Tout d'abord, nous vous invitons à consulter le site du SNE qui détaille la réglementation à laquelle les éditeurs sont soumis :
Extrait
L’éditeur est soumis à certaines dispositions de la loi sur la presse du 29 juillet 1881, laquelle définit les libertés et responsabilités de la presse française et impose un cadre légal à toute publication.
Les articles 23 à 41-1 intéressent particulièrement la profession. Ces articles prévoient la répression des crimes et délits commis par la voie de la presse ou tout autre mode de publication. Parmi eux, l’article 29 définit ce qu’est un acte de diffamation et un acte d’injure.
Source : Règlementation. SNE
Pour connaître le contenu exact des articles 23 à 41, nous vous invitons à consulter la Loi du 29 juillet 1881 sur la liberté de la presse qui vous l'aurez compris concerne tous les éditeurs (presse ou livres).

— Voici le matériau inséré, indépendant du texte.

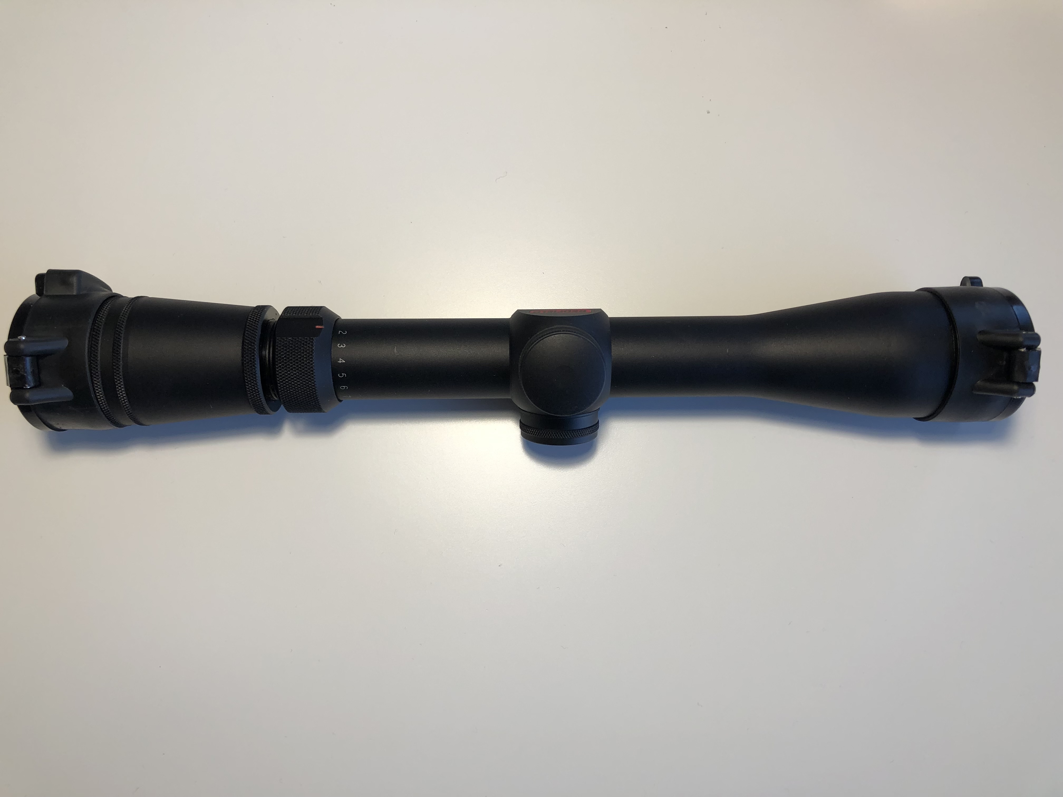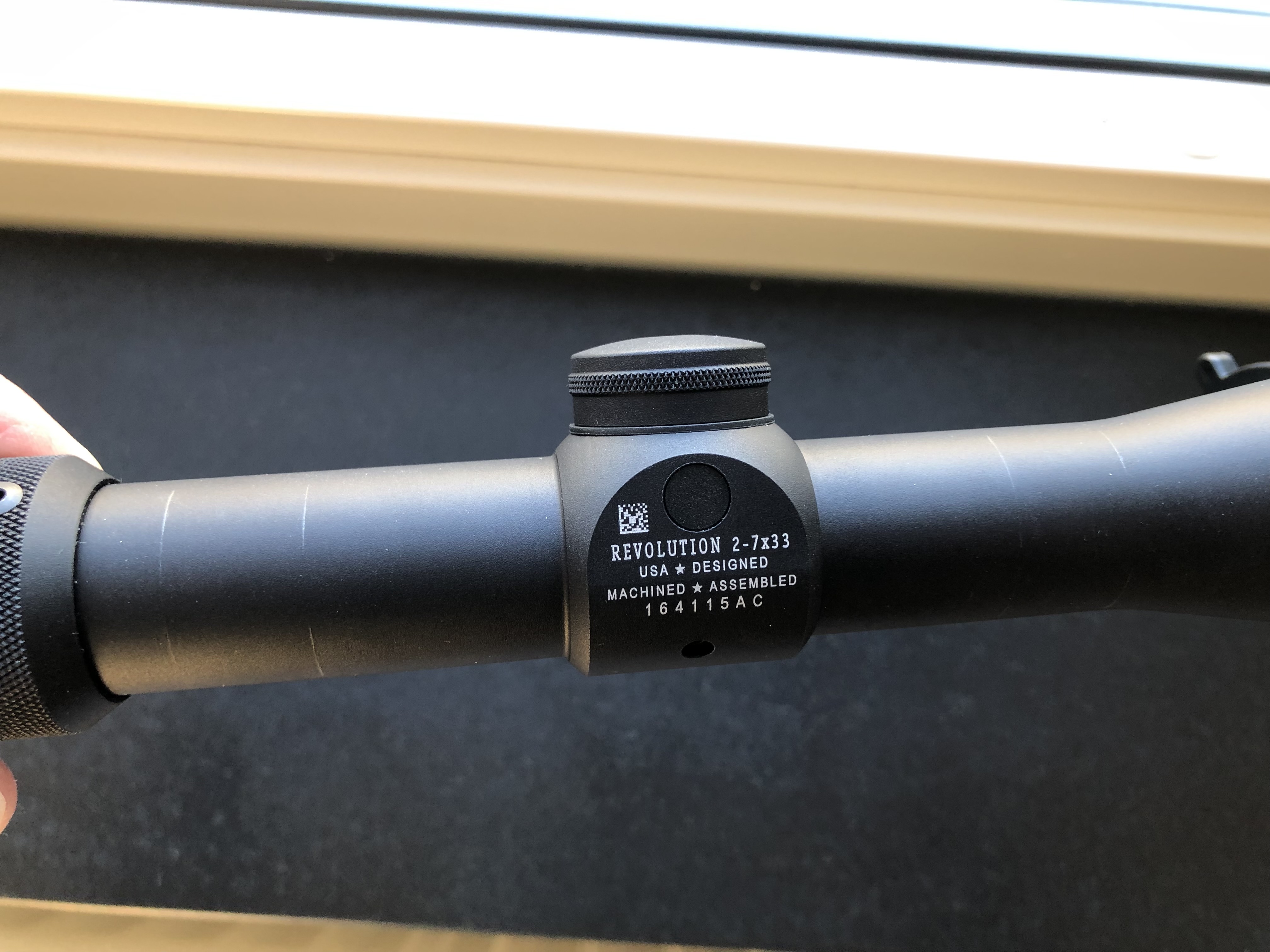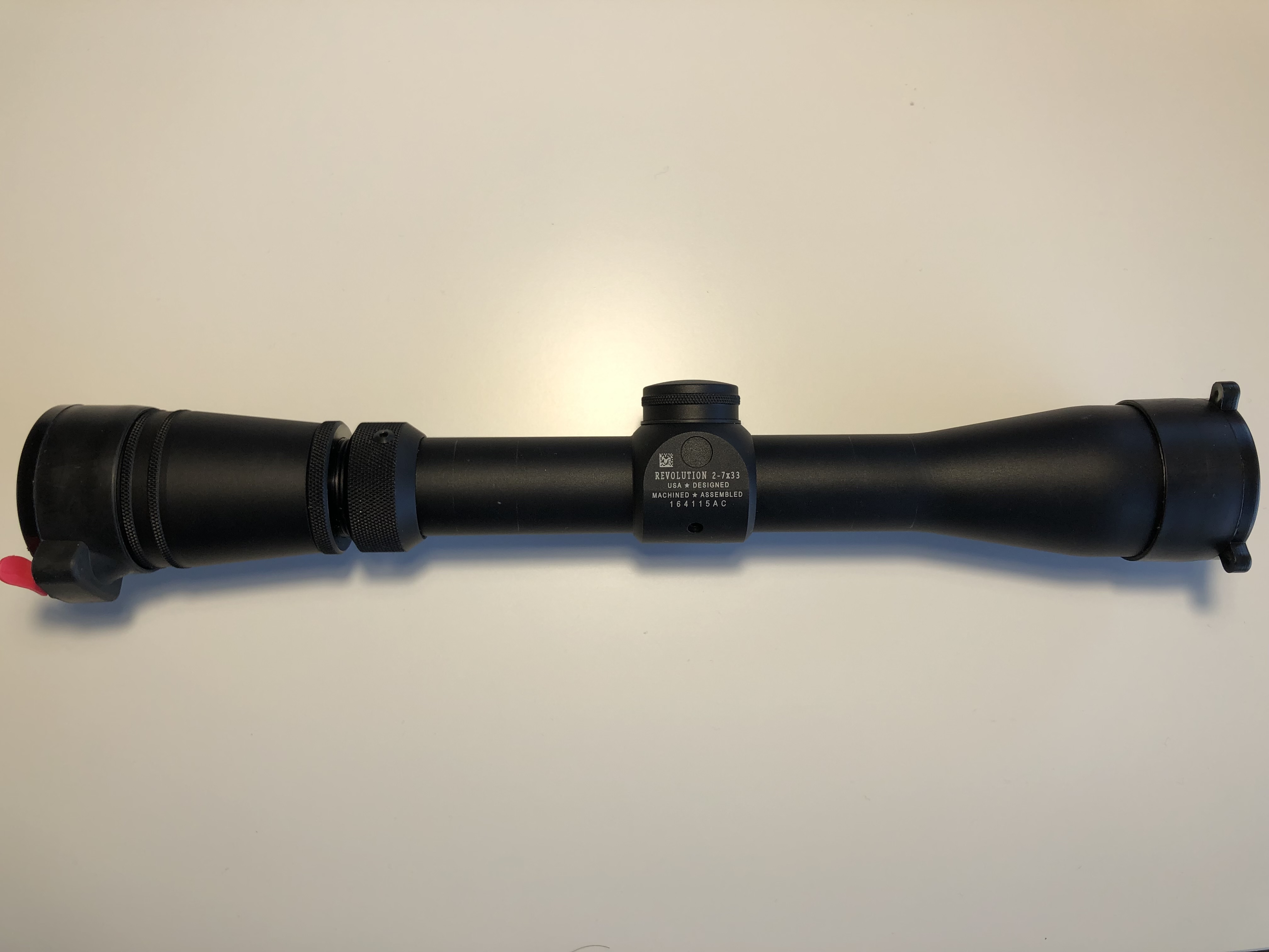Kikarsikte Redfield Revolution 2-7x33 med Butler Creek flippisar. Mindre märken efter tidigare montering (syns mest undertill) men i övrigt i toppskick. Duplex. Obelyst. 1-tumstub.

Emmanuel Pierrat les expose également dans un article de blog :
L’article 23 de la loi de 1881 réprime les provocations aux crimes et délits, quels qu’ils soient, « si la provocation a été suivie d’effet ». En revanche, l’article 24 de la même loi n’exige pas, pour certaines provocations, qu’elles aient été suivies d’effet pour que leurs auteurs soient poursuivis.
Sont également répréhensibles, selon le même texte, la simple apologie de ces crimes et délits spécifiques, ainsi que celle des crimes de guerre, des crimes contre l’humanité ou crimes et délits de collaboration avec l’ennemi. Enfin, l’article 24 vise les provocations « à la discrimination, à la haine ou à la violence à l’égard d’une personne ou d’un groupe de personnes à raison de leur origine ou de leur appartenance ou de leur non-appartenance à une ethnie, une nation, une race ou une religion déterminée », que ces provocations soient suivies d’effet ou non.
C’est à l’article 29 de la loi de 1881 que sont définies la diffamation et l’injure : « Toute allégation ou imputation d’un fait qui porte atteinte à l’honneur ou à la considération de la personne ou du corps auquel le fait est imputé est une diffamation. La publication directe ou par voie de reproduction de cette allégation ou de cette imputation est punissable, même si elle est faite sous forme dubitative ou si elle vise une personne ou un corps non expressément nommés, mais dont l’identification est rendue possible par les termes des discours, cris, menaces, écrits ou imprimés, placards ou affiches incriminés. Toute expression outrageante, termes de mépris ou invective qui ne renferme l’imputation d’aucun fait est une injure. »[...]
Le sexisme et l’homophobie sont, depuis fin 2004, visés par la loi de 1881. Soulignons aussi que l’article 32 de la loi du 29 juillet 1881 sanctionne la diffamation envers « une personne ou un groupe de personnes à raison de leur origine ou de leur appartenance ou non-appartenance à une ethnie, une nation, une race ou une religion déterminée ».
Et depuis la loi Egalité et Citoyenneté, le texte vise en sus du sexe ou de « l’orientation sexuelle », l’ « identité de genre ».
Source : La Loi du 29 juillet 1881 plie... mais résiste! Emmanuel Pierrat. Livres-Hebdo, 03-03-2017
Vous pourrez consulter également les ouvrages suivants :
A notre connaissance, il n'existe pas de réglementation obligeant les éditeurs à indiquer sur une publication qu'elle s'adresse exclusivement à un public majeur. Ce sont souvent les médiateurs du livre (bibliothécaires ou libraires) qui prennent la responsabilité de rendre des publications plus ou moins accessibles.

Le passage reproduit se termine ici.